S. Sudan blocks SPLM-IO officials from traveling to Uganda
January 25, 2016 (JUBA) – A number of senior South Sudan armed opposition (SPLM-IO) officials were on Monday blocked by national security operatives from joining their leader, Riek Machar in Kampala, Uganda.
Authorities gave no explanations, prompting lots of condemnations.
By order of the director of the internal security service some SPLM-IO officials including its secretary general, Dhieu Mathok Diing Wol, and chairman of national committee for federal affairs, Ramadan Hassan Laku, were prevented from travelling to Kampala at Juba airport on Monday .
The armed opposition’s head of information and public relations, Mabior Garang de Mabior, said the actions taken by security operatives were uncalled since none of their members was a prisoner or a political detainee.

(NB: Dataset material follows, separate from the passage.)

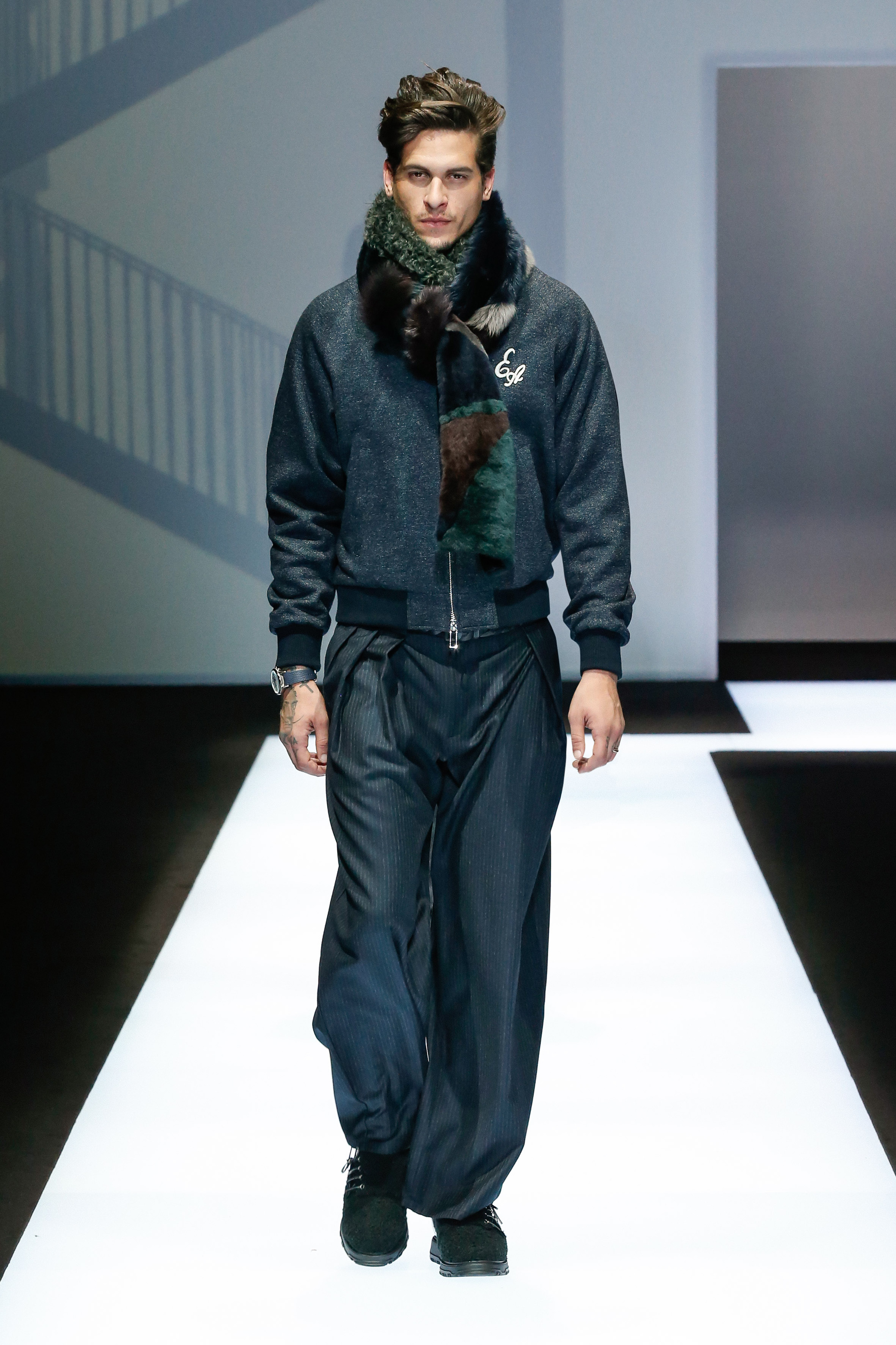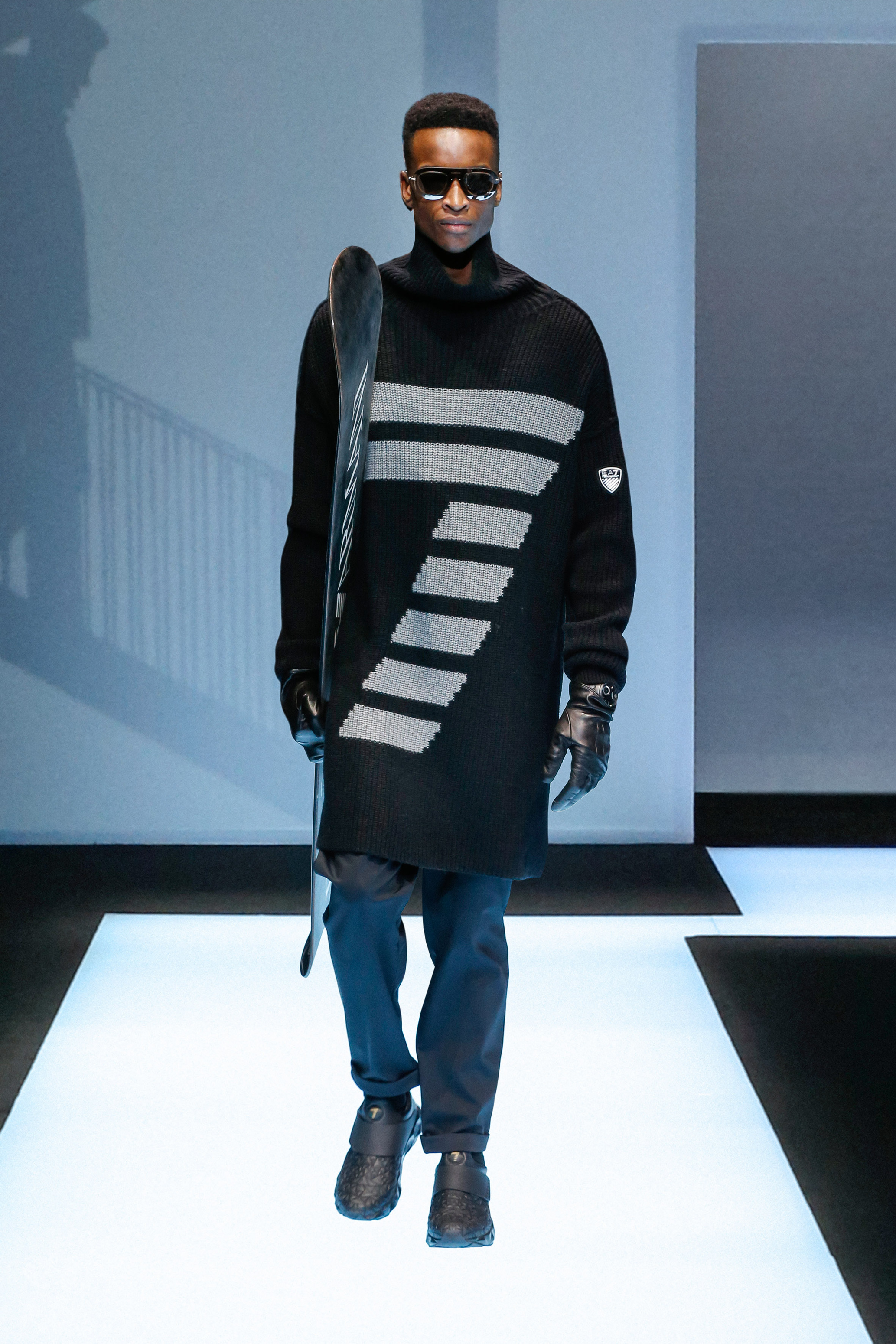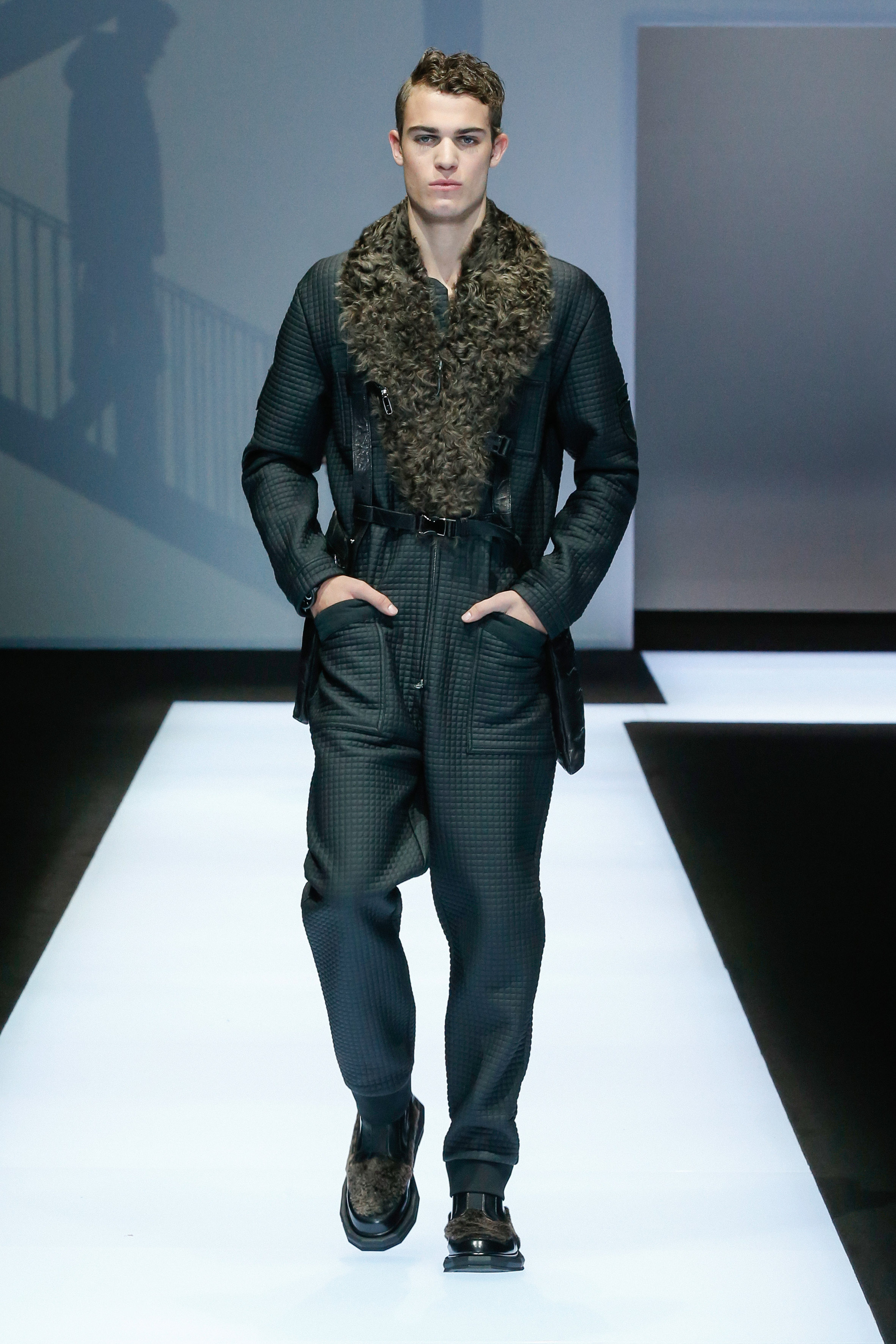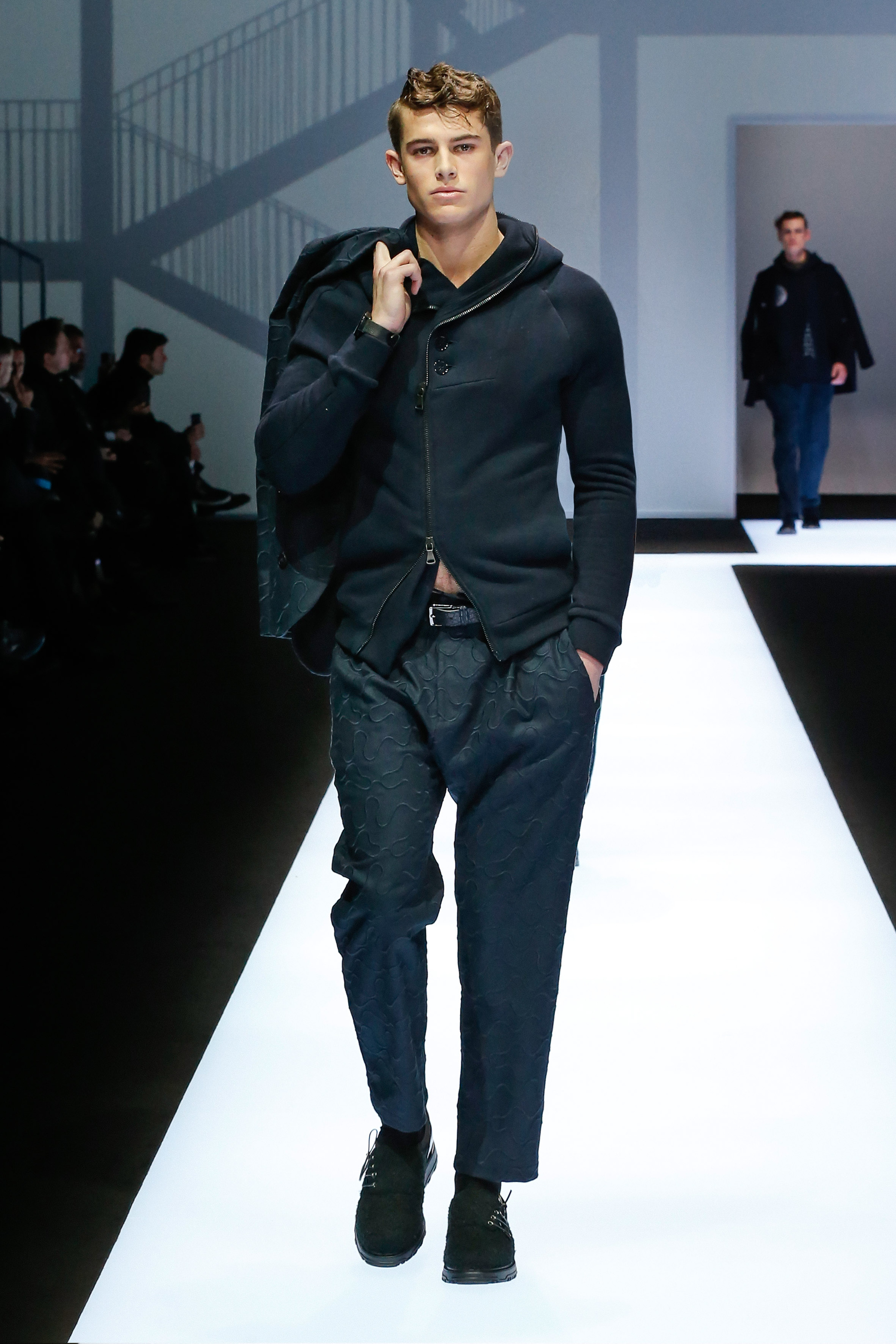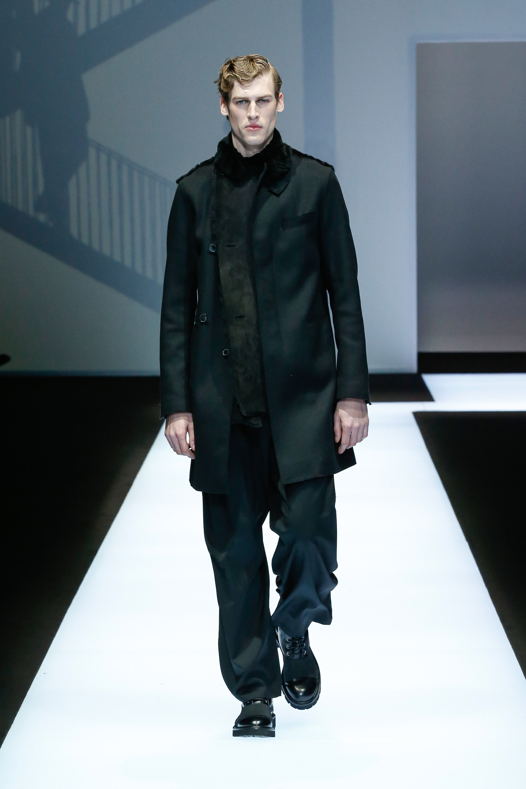 La palette de couleur oscille du noir intense au gris clair, à laquelle s’ajoutent des tons plus naturels comme le kaki et le bleu. Les chapeaux et lunettes de soleil sont nombreux en tant qu’accessoires. Les parkas restent elles dans les tons clairs et apportent de la fraîcheur aux tenues.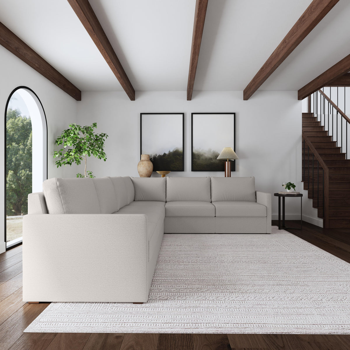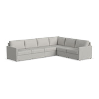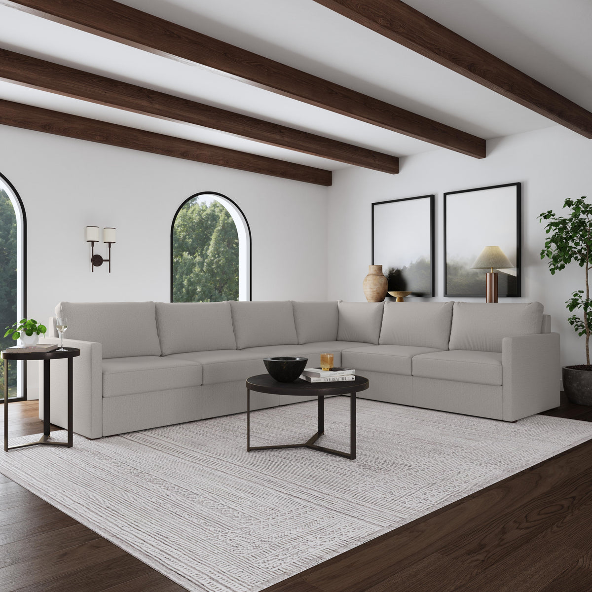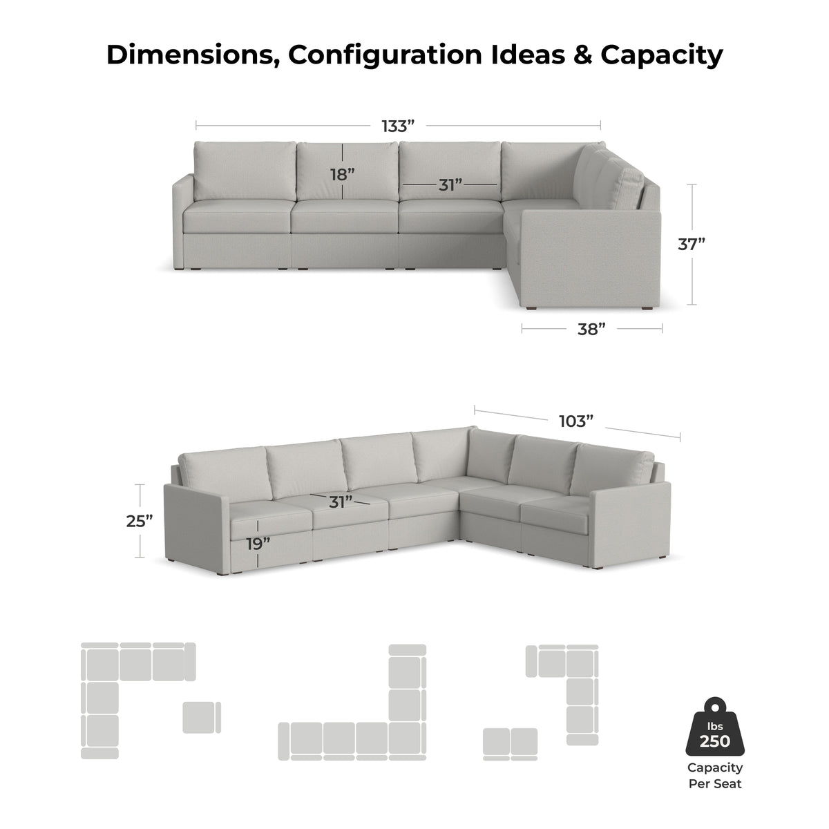 Designed for a lifetime of flexibility, the Flex 6-seat sectional provides the ultimate relaxation zone for gatherings and can be easily reconfigured again and again to create the perfect seating arrangement. Built with Blue Steel Spring technology and sustainable, stain-resistant performance fabric, Flex modular seating provides deep-seated, blissful comfort and long-lasting livability. And assembly is a breeze with a patented J-bracket “no-tool” method that takes minutes, rather than hours.

According to Mabior, the SPLM-IO advance team was within the government controlled area to show their commitment to the implementation of a peace deal signed with government in August 2015.
“The leadership of the SPLM/SPLA in Opposition strongly condemns the oppressive tendencies of the national security of the republic of South Sudan. The director general of internal security bureau has on several occasions impeded movements of the advance team of the SPLM/SPLA-IO on dubious grounds”, he said in a statement issued Monday.
He said the director general of the internal security bureau on 19 January blocked members of the group from travelling to Nairobi, Kenya, for a medical trip, and a week later stopped members of the SPLM-IO from travelling to a join their chairman, who is on a peace mission to Kampala.
The leadership of the SPLM-IO, Mabior said, calls on the president to control those within his government who making peace efforts difficult.
Members of the SPLM-IO advanced team are in Juba to implement the agreement on the resolution of the conflict in South Sudan (ARICSS).
“We are not prisoners of war or political detainees”, said Mabior, vowing to ensure a complaint is filed to the Joint Monitoring and Evaluation Commission (JMEC).
Machar left the Ethiopian capital, Addis Ababa for Kampala on Sunday to meet Uganda’s Yoweri Museveni to seek help from the latter with regard to outstanding issues in the implementation of the nation’s peace agreement.
He said Uganda, which was part of the conflict, has lately been playing an important role for the two conflicting parties to reach crucial agreements.
Machar said he believed Kampala will play a crucial role with regard to the existing misunderstanding on the 28 states, a decree which has become an emerging challenge threatening the implementation of the peace deal.